WORK INSTRUCTION:
Exact copies of the lines from the one holding "本文采用 STRIDE 威胁模型进行威胁分析,该模型涵盖了欺骗、篡改、否认、信息泄露、拒绝服务和权限提升等关键攻击向量。以" through the last line of the entries below are to be printed, with pictures omitted.

RECORDS FOR PROCESSING:
——————
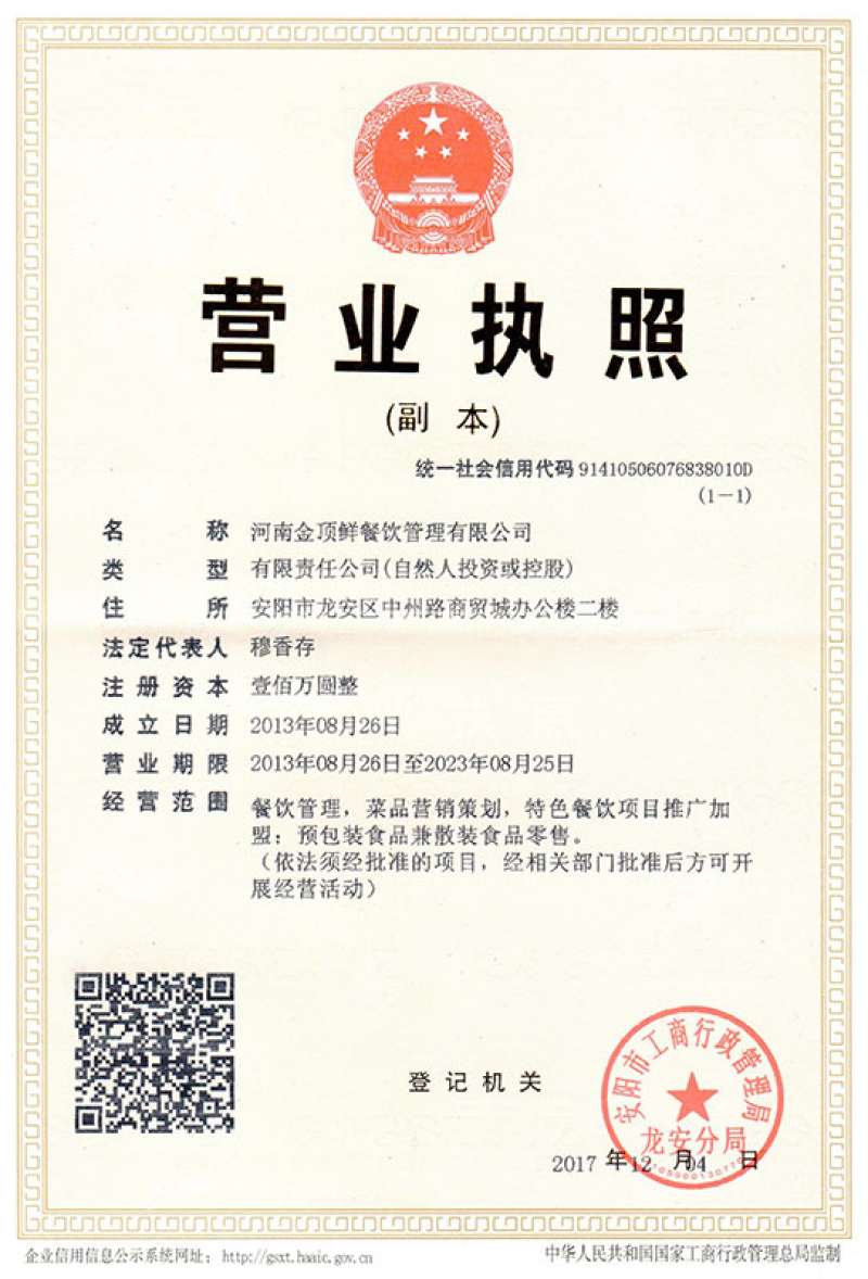 2002年穆香存女士為把事業(yè)做大做強(qiáng),把精心研發(fā)的項目推向市場,決定走連鎖加盟發(fā)展道路,讓有能力的人、熱愛餐飲行業(yè)的人來運作。2003年元月份起,金頂鮮寧夏系列特色項目在河南先推廣開來,2006年改組成立股份制企業(yè),注冊“金頂鮮”系列商標(biāo),2010年2月14日公司拿到商標(biāo)證(早期注冊需用時3年左右,現(xiàn)在效率高,從注冊日期算起,大概兩年下來商標(biāo)大證)。公司在隨后經(jīng)營發(fā)展的幾年,又陸續(xù)花巨資注冊/并購50多個商標(biāo)來保護(hù)自主品牌。“胡羊排“就是典型代表,2013年8月份向國家商標(biāo)局遞交申請,2015年12月21日“胡羊排”商標(biāo)成功注冊。目前遍及河南、河北、山西、山東、安徽、浙江、江蘇、陜西、廣西、東北、甘肅、江西、四川、新疆等省份,已擁有500余家加盟分店。
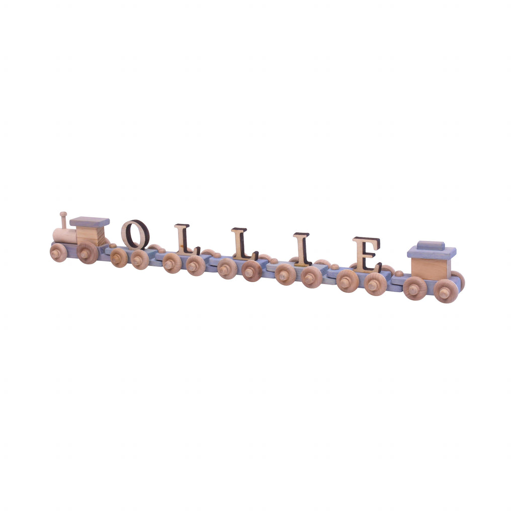 Children love seeing their names in big letters. The possibilities are endless with our personalized name trains! These unique, one-of-a-kind trains are hand crafted in Lancaster County, PA by an Amish shop. The trains are currently available in 2 color themes, and are perfect for boys or girls. These trains make a perfect gift for a baby or toddler. The personalized train cars hook together with wooden pegs, and feature real rolling wheels. Each train has an Engine a Caboose and a minimum of 3 cars. Choose a custom name or standard ABC in Baby Blue or Natural Harvest colors.
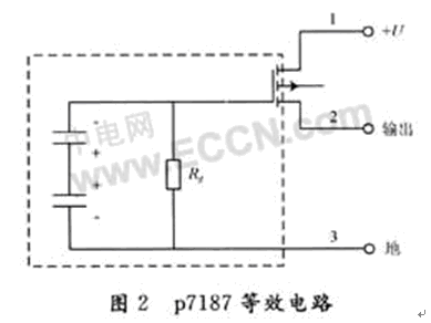 常見的熱釋電傳感器有p2613,p3782,p7187等。根據(jù)法拉第法則,人體的體溫約為3 7℃,輻射最多紅外線的波長是10μm左右,而p7187對7~20μm范圍波長比較靈敏,他采用了2個熱釋電元件PZT板,PZT板表面吸收紅外線,并在受光面的內(nèi)外各自安裝取出電荷的一對電極,能敏感的捕捉到被測物體或光源,具有很高的靈敏度。這2個受光電極反向串聯(lián),可有效地防止背景波動以及干擾光照射時的誤動作(一是環(huán)境變化引起的誤動作,二是使用光調(diào)制器時的誤動作)對傳感器的影響,當(dāng)2個受光電極同時受到紅外線照射時,輸出電壓相互抵消而無輸出,只有當(dāng)人體移動時才有電壓的輸出,輸出電壓比較精確的反映了人體移動的情況。P7187等效電路如圖2[2]。
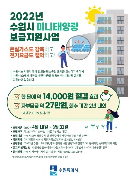 수원시 관계자는 “미니태양광 발전설비를 설치하면 한 달에 약 1만 4000원의 전기요금을 줄이는 효과가 있어 본인 부담금을 2년 내외 기간에 회수할 수 있다”며 “온실가스를 감축하고 신재생에너지를 생산하는 친환경 태양광발전 설비를 많은 가정에서 설치하길 바란다”고 말했다.
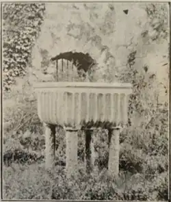 Canon William Carrigan adds to this in 1905, stating that this baptismal font was moved to St. Francis' Abbey in "about 1889".[16] This move from Mr. Ayres' property to "near the east window of St. Francis'"[17] is attested in the Kilkenny Moderator of July 27th 1889, where it is presumed that the font had been originally at St. Francis' Friary. This is given as the reason why it was moved (back) there.[17] This article suspects that Alice Kyteler committed the theft of the baptismal font herself "for its subsequent use in her nefarious practice."[17] It describes the font as being of "black marble" (i.e. the Kilkenny limestone referred to as "Kilkenny Marble") and weighing 11 cwt. The size is described as 31 inches square on top, diameter of the basin 21.5 inches and of 2.5 inches depth, with the external depth being 19 inches. The pillars, also visible in the photographs have a diameter of four inches and length of 14.5 in. The decoration has "carved in low relief the vine-leaf trefoil".[17]
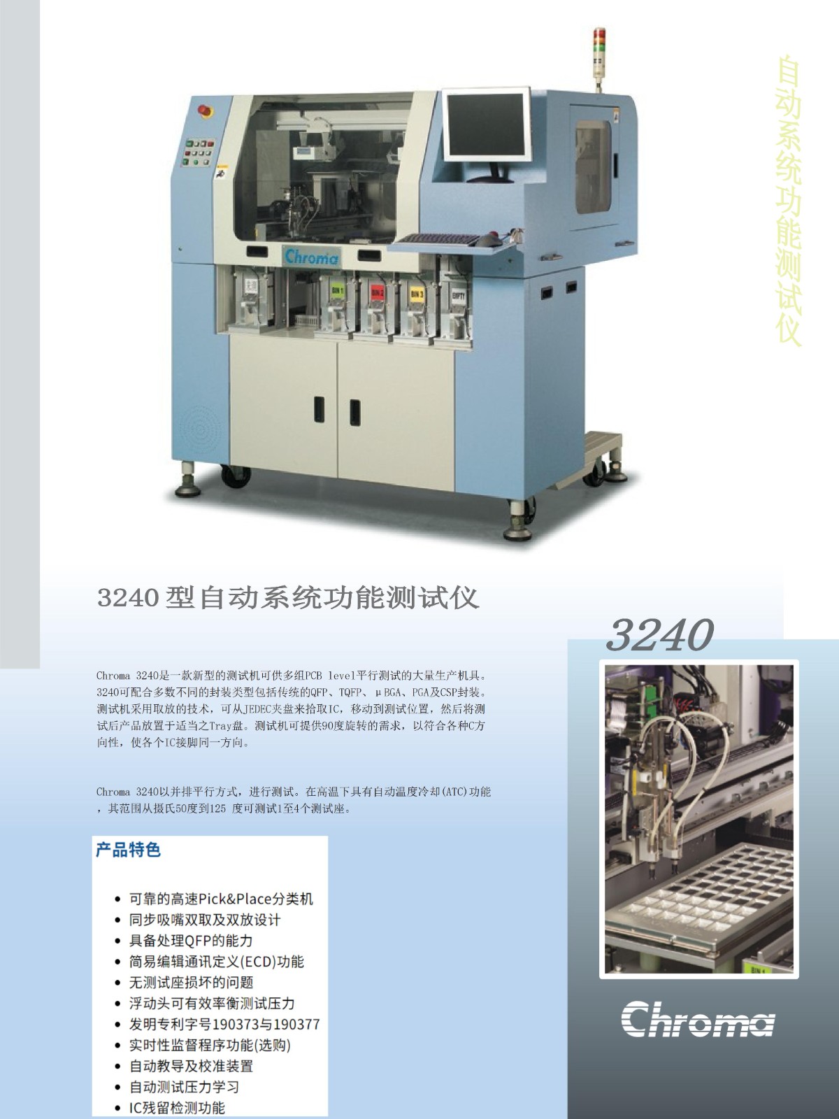 Chroma 3240是一款新型的测试机可供多组PCB level平行测试的大量生产机具。
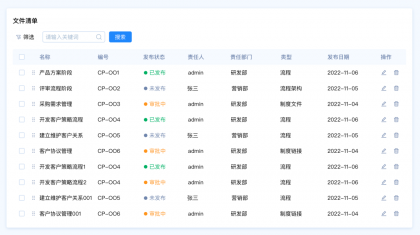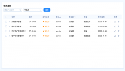 設計要點:客戶需要根據文件清單的狀態快速篩選數據,文件的狀態一共分為三類:已發布、審批中、未發布,雖然客戶只說需要篩選審批中的數據,但是另外兩個狀態的數據也同樣有篩選的場景,所以我們直接將狀態類型作為選項,客戶使用時只需要選擇狀態類型即可快速完成篩選。
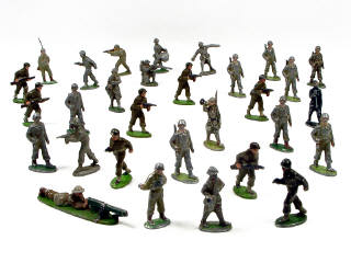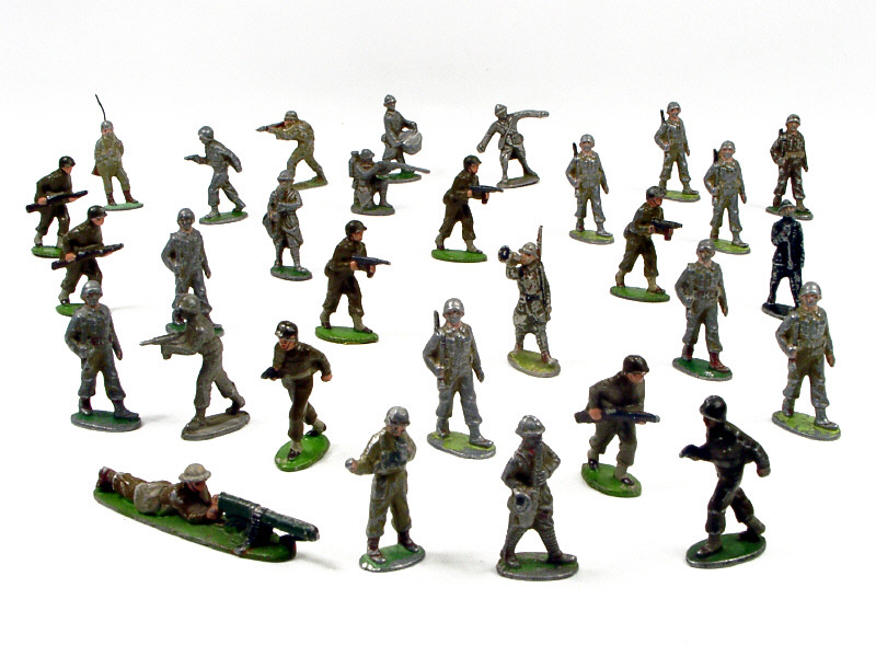 états de 'A-' à 'E' - comprend : 9 fantassins 'Rhin & Danube', 10 soldats américains au combat, un parachutiste, un soldat anglais avec mitrailleuse, un parachutiste avec radio, un parachutiste porte-antenne & 7 soldats de l'infanterie française dont un porte-drapeau, un tireur à genou, un tambour, un clairon, un lanceur de grenade & 2 saxophones - manque le drapeau & 8 fusils cassés
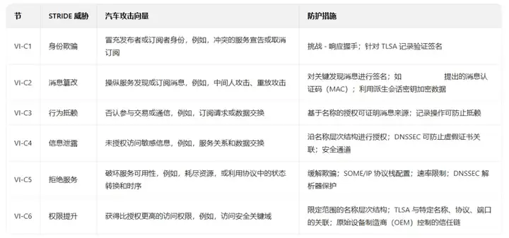 本文采用 STRIDE 威胁模型进行威胁分析,该模型涵盖了欺骗、篡改、否认、信息泄露、拒绝服务和权限提升等关键攻击向量。以 SOME/IP 中间件安全防护为例,阐述这些攻击在汽车面向服务架构(SOA)中的表现,以及本文提出的认证与授权机制如何保护服务发现免受此类攻击,具体总结于表 1。
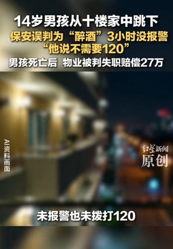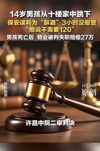 2024年11月河南许昌,一男孩留下遗书后跳楼,小区保安发现后以为他是“醉酒”,所以没有报警也没有拨打120,而是将其安置在4楼离开,当男孩父母发现他时,送往医院却已经没救了,最终法院的判决却出乎意料
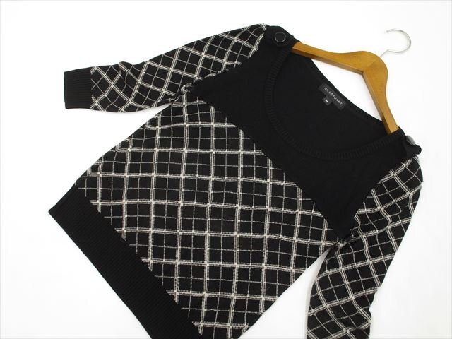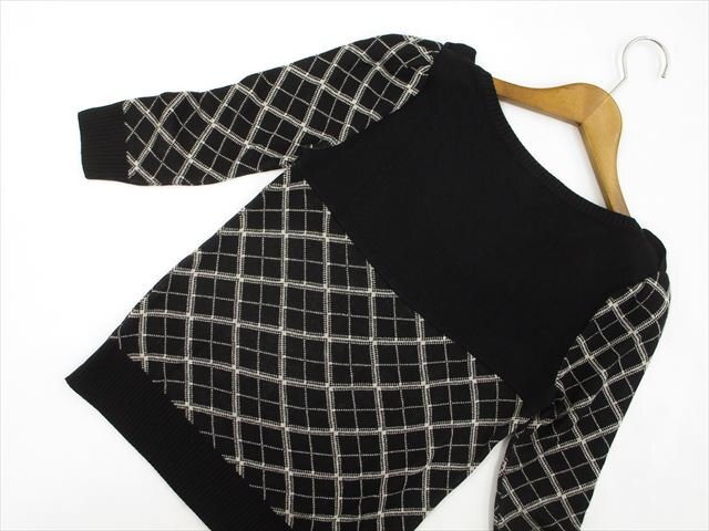 七分袖 ラウンドネック ニットカットソー M ブラック&ブラック地 アイボリー ラメ入り チェック柄
——————
ANSWER TO THE EXERCISE:
 本文采用 STRIDE 威胁模型进行威胁分析,该模型涵盖了欺骗、篡改、否认、信息泄露、拒绝服务和权限提升等关键攻击向量。以 SOME/IP 中间件安全防护为例,阐述这些攻击在汽车面向服务架构(SOA)中的表现,以及本文提出的认证与授权机制如何保护服务发现免受此类攻击,具体总结于表 1。
 2024年11月河南许昌,一男孩留下遗书后跳楼,小区保安发现后以为他是“醉酒”,所以没有报警也没有拨打120,而是将其安置在4楼离开,当男孩父母发现他时,送往医院却已经没救了,最终法院的判决却出乎意料
 七分袖 ラウンドネック ニットカットソー M ブラック&ブラック地 アイボリー ラメ入り チェック柄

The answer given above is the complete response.